Любовь Рябикина - Невезучая
С самого раннего детства девчонка видела рядом только «бабу Матрену» и не знала других родственников. Даже перед смертью бабушка не сказала, кем были ее родители и что с ними случилось. Иногда девушке казалось, что она и сама ничего о них толком не знала. Оксана знала только одно — ее мать была дочерью бабушки Матрены. Пыталась расспрашивать, но старушка начинала сердиться:
— Тебе меня мало? Я что, не стараюсь дать тебе образование или ты ходишь одетой хуже всех? Чего тебе не хватает? Скажи, я куплю…
Оксанка сразу прижималась к ней. Обнимала за шею. Целовала морщинистое лицо и долго после этого не решалась снова задать интересующий ее вопрос. В деревне о происхождении девочки тоже никто и ничего не знал.
Только после смерти бабушки, из старых, спрятанных за иконы бумаг, Зиновьева узнала, что оба ее непутевых родителя были известными ворами-рецидивистами и что родилась она в тюрьме. Бабушка забрала ее в месячном возрасте из тюремной больницы и с тех пор заботилась о внучке. Прочитанное удивило ее. Особенно отказная матери от новорожденной дочери…
За всю Оксанкину жизнь ни мать, ни отец не подали о себе весточки. Узнав свое происхождение, она теперь подозревала, что бабушка считала их умершими и по этой причине не хотела говорить правду. Такой исход был вполне закономерен, особенно если взять в расчет их бурную жизнь.
Зиновьевой в голову никогда не приходило до смерти бабушки, что от ребенка может отказаться родная мать. Но даже узнав об этом из пожелтевшей бумаги, Зиновьева не хотела думать плохо о родителях. Как ни странно, никакой грусти мысли о смерти родителей у нее не вызывали, ведь она их не знала. Зато смерть бабушки больно ударила по сердцу и до сих пор, вспоминая ее, Оксанка начинала плакать. Первые три месяца после ее кончины она вообще чувствовала себя потерянной.

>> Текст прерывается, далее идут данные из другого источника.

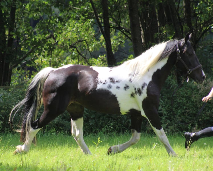 **Sales Advertisement: Tinker-Mix Gelding** For sale is a beautiful Tinker-Mix gelding from 2019. With his striking piebald coat and a height of 155 cm, he is truly a sight to behold! This charming gelding is excellent for leisure activities and impresses with his calm and friendly nature. He is well-mannered and easy to handle. He has been gently started under saddle with us and is now ready to embark on the next journey with his new owner. We envision Artax in recreational riding, but he will also look great in the arena. We can imagine that he would enjoy groundwork as well; he is just a wonderful big baby :-). Artax is kept in a mixed herd with us and is very well socialized, getting along well with both large and small mares as well as geldings. He is familiar with stable life from before, but has been kept in a robust open stable with us for a long time. He has a solid basic training and shows great motivation in his work. If you are looking for a loyal companion for unforgettable rides and relaxing hours in nature, then this Tinker-Mix gelding is just the right one for you! Artax will only be sold into the best hands. This is not an urgent sale. We have restructured our riding operation and accordingly, we are reducing our horse inventory. We can envision Artax in a well-managed riding or school operation as well as in private ownership. He will definitely not be sold to dealers. If you are interested or have any further questions, please feel free to contact us. Viewings and trial rides are possible by arrangement.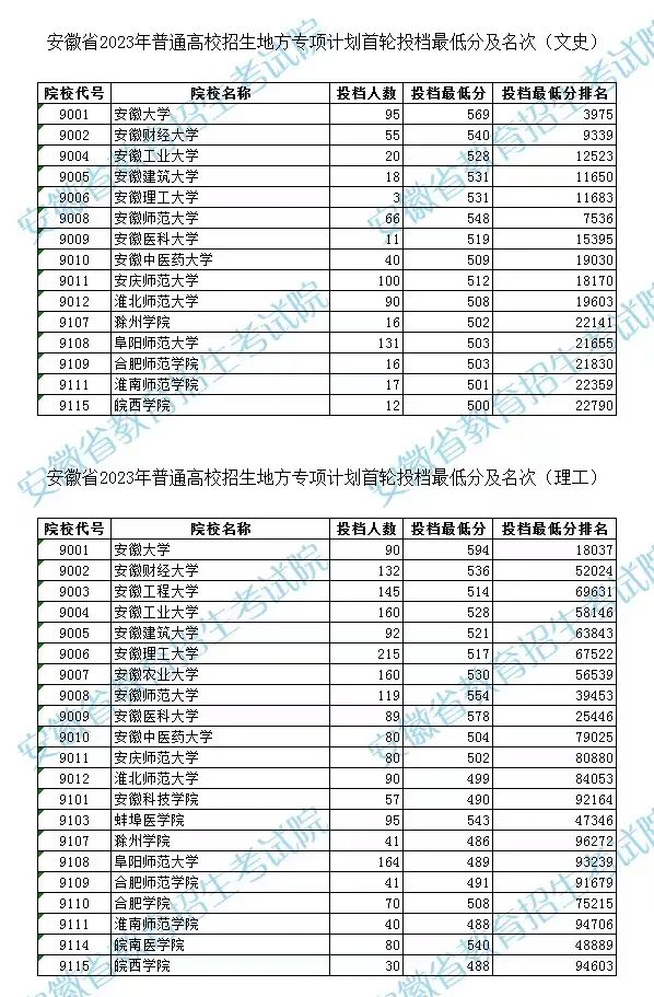 从以上整理的数据可知,2023年安徽省地方专项计划大学名单一共有21所,其中在文科招生的有15所,在理科招生的有21所。2023年安徽地方专项计划录取分数线最低理科586分、文科500分。下面是2023年安徽地方专项大学名单及分数线一览表:

За год до своей смерти, бабушка Матрена каким-то образом сумела выхлопотать для внучки-сироты, к тому времени получившей профессию библиотекаря, однокомнатную квартиру в Москве. И хоть была она маленькой, но зато своей и платить за «угол» девушке теперь не приходилось. Оксана могла делать дома, что ей хочется, а не придерживаться чужих правил….
Зиновьева разожгла не большой костер. Не потроша и не чистя, лишь тщательно промыв сверху, обсыпала рыбу крупной солью, а затем обмазала щуренка глиной. Когда валежник прогорел, палкой сдвинула угли в сторону и старой обрубленной лопатой вырыла небольшую ямку. В нее положила щуренка. Закопала рыбу и придвинула яркие угли на это место.
Вернулась в дом, с удовольствием ступая босыми ногами по домотканым полосатым дорожкам. Оксана чуть грустно улыбалась. Собрала белье. Захватив полотенце, направилась в баню.
Не торопясь, разделась в предбаннике. Расплела косу и нырнула в душное тепло. Плеснула на каменку заранее приготовленного настоя из трав — так всегда делала бабушка. Душистый пар заполнил тесное помещение густым туманом. Девушка окатилась теплой водой и забралась на высокую скамейку-кутник. Легла, всей грудью вдыхая густой банный дух.
Минут через десять, слегка свесившись с полка, достала расслабленной рукой запаренный в тазике веник и с удовольствием принялась хлестать себя по распаренному стройному телу. Вскоре ее светлая кожа порозовела. Никакой душ и никакая сауна никогда не заменят обычную русскую баню из сосновых толстых бревен с ее неповторимым ароматом.
Через час, не боясь что кто-либо сможет ее увидеть в этой глухомани, она выскочила из бани и голышом побежала к озеру. Плюхнулась в прохладную воду, радостно охнув. После горячей бани озерная вода показалась холодной, но приятной. Тело, казалось, «вздохнуло».
Оксана долго плавала и ныряла. Ей было безумно хорошо в эти минуты. С распущенными длинными волосами она была похожа на русалку. Длинные пряди струились за ней по воде. Не хватало лишь венка из лилий на голове да серебристого чешуйчатого хвоста вместо ног.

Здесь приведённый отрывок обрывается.